[We'll look to improve algo, time permitting -Magick] [workaround: -evaluate Log] count colors takes 13 times longer

Post any defects you find in the released or beta versions of the ImageMagick software here. Include the ImageMagick version, OS, and any command-line required to reproduce the problem. Got a patch for a bug? Post it here.
Post Reply
Dabrosny
Posts: 111
Joined: 2013-10-02T10:49:39-07:00
Authentication code: 6789
Location: New York, US

[We'll look to improve algo, time permitting -Magick] [workaround: -evaluate Log] count colors takes 13 times longer

Post by Dabrosny »

In some cases it takes an extremely long time (over 3 minutes) to calculate the number of unique colors for a very small (512x768) hdri image, while in other cases of just a slightly different version of the image, it takes "just" 15 seconds.
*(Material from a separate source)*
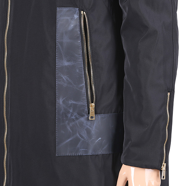 이 제품은 앞뒤 앞면으로 입을 수 있는 제품으로 앞면의 야상스타일의 제품으로 가죽배색과 바람막이 원단으로 젊고 세련되며 고급스러우며

In this case it takes "just" 15 seconds:
time magick www.pauldebevec.com_Research_HDR_memorial.hdr -evaluate Multiply 0.5 -format '%k\n' -identify null:
265903
real 0m15.526s
user 0m0.092s
sys 0m0.061s

But in this case it takes over 3 minutes:
time magick www.pauldebevec.com_Research_HDR_memorial.hdr -evaluate Multiply 0.0625 -format '%k\n' -identify null:
265903
real 3m16.052s
user 0m0.046s
sys 0m0.108s

You can obtain this famous hdri file as from www.pauldebevec.com/Research/HDR/memorial.hdr

I am running the Windows binary under Windows 7. I happen to be invoking it from the cygwin command line.

magick -version
Version: ImageMagick 7.0.6-2 Q16 x64 2017-07-22 http://www.imagemagick.org
Copyright: Copyright (C) 1999-2015 ImageMagick Studio LLC
License: http://www.imagemagick.org/script/license.php
Visual C++: 180040629
Features: Cipher DPC HDRI Modules OpenMP
Delegates (built-in): bzlib cairo flif freetype jng jp2 jpeg lcms lqr openexr pangocairo png ps rsvg tiff webp xml zlib
Last edited by Dabrosny on 2017-08-24T06:36:59-07:00, edited 3 times in total.
-Dabrosny [Using IM7.0.6 or higher, Q16 HDRI x64 native executable, command line, often invoked from cygwin bash/sh (as of Aug. 2017)]
snibgo
Posts: 12159
Joined: 2010-01-23T23:01:33-07:00
Authentication code: 1151
Location: England, UK

Re: count unique colors (%k) takes 13 times as long on similar image

Post by snibgo »

For me, on Windows 8.1, IM v7.0.1-0 Q32 HDRI (built with Cygwin tools) takes about 6 seconds. On v6.9.3-7 takes about 3 seconds.
snibgo's IM pages: im.snibgo.com
User avatar
magick
Site Admin
Posts: 11064
Joined: 2003-05-31T11:32:55-07:00

Re: count unique colors (%k) takes 13 times as long on similar image

Post by magick »

The algorithm is slow when there are a huge number of unique colors as it iterates over the existing color list to determine if the next pixel color is unique. We should sort the pixels and use a bilinear search to reduce the search time. We'll look into improving the algorithm as time permits.
Dabrosny
Posts: 111
Joined: 2013-10-02T10:49:39-07:00
Authentication code: 6789
Location: New York, US

Re: count unique colors (%k) takes 13 times as long on similar image

Post by Dabrosny »

Thanks, @magick. Why would scaling the same small image with the same number of colors (265903) make it take 13 times as long? I'd be happy to scale it to where it is faster if I knew what scale that was :-) And @snibgo sees no such problem... could I be on the edge of some memory limit?
-Dabrosny [Using IM7.0.6 or higher, Q16 HDRI x64 native executable, command line, often invoked from cygwin bash/sh (as of Aug. 2017)]
snibgo
Posts: 12159
Joined: 2010-01-23T23:01:33-07:00
Authentication code: 1151
Location: England, UK

Re: count unique colors (%k) takes 13 times as long on similar image

Post by snibgo »

Sorry, I hadn't realised your point was that multiplying by 0.0625 make the count much slower.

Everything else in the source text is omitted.